Can you elaborate or point me towards a reference that talks about this more. I have looked into a couple of cfd references and they don't really seem to talk about this issue and in most cases only talk about cartesian cases.

Quote:
 Originally Posted by rmh26 Yeah the nuemann condition part is can be tricky. I think a lot of people set one of the boundary values to zero instead of using a nuemann condition. You mentioned that you solved this problem in rectangular coordinates. Did you need any special treatment for the neumann condition then?
In the cartesian code I don't think I did anything special. For my Laplacian finite difference matrix, I replaced the ghost pressure point outside the boundary with the first interior point due to nuemann BCs, as i described earlier in the thread.
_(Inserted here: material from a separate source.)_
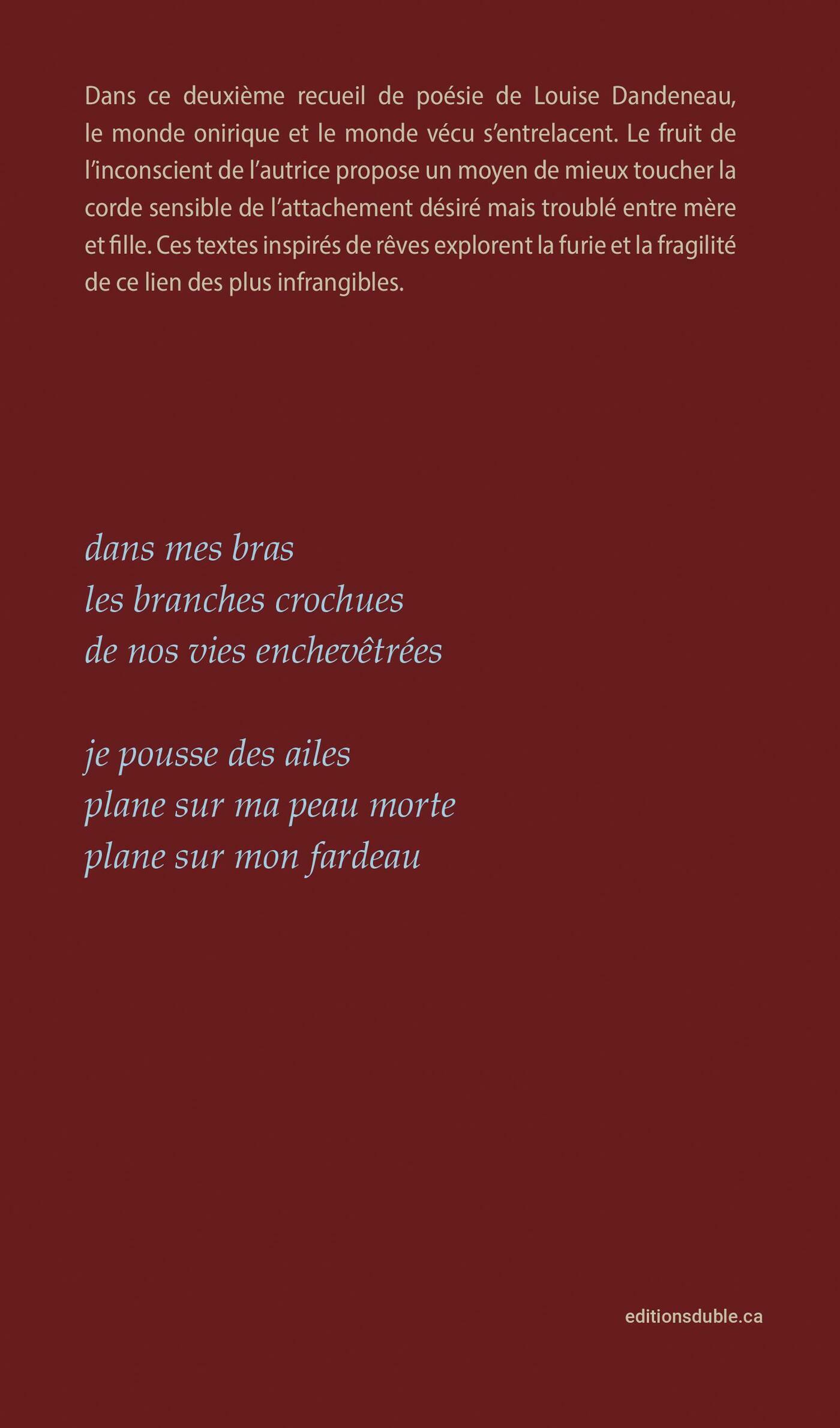 Dans ce deuxième recueil de poésie de Louise Dandeneau, le monde onirique et le monde vécu s’entrelacent. Le fruit de l’inconscient de l’autrice propose un moyen de mieux toucher la corde sensible de l’attachement désiré mais troublé entre mère et fille. Ces textes inspirés de rêves explorent la furie et la fragilité de ce lien des plus infrangibles.

To solve the singular matrix i used the gmres function in matlab that makes use of the GMRES method and solves the near singular linear system.

In cylindrical coordinates, I have made the Laplacian matrix, except in contrast to the cartesian version it isn't symmetric but is still near singular. I have done the same thing as before and replaced pressure outside the boundary with the first interior point for all the boundary finite differences. Then I try solving the system Ax = b where A is the near singular discrete laplacian matrix, and b is the divergence of the intermediate velocity field. I use the same GMRES method that I used in the cartesian case but I still produce a field that has a divergence on the order of 1E-2 to 1E-3 when it should be much lower.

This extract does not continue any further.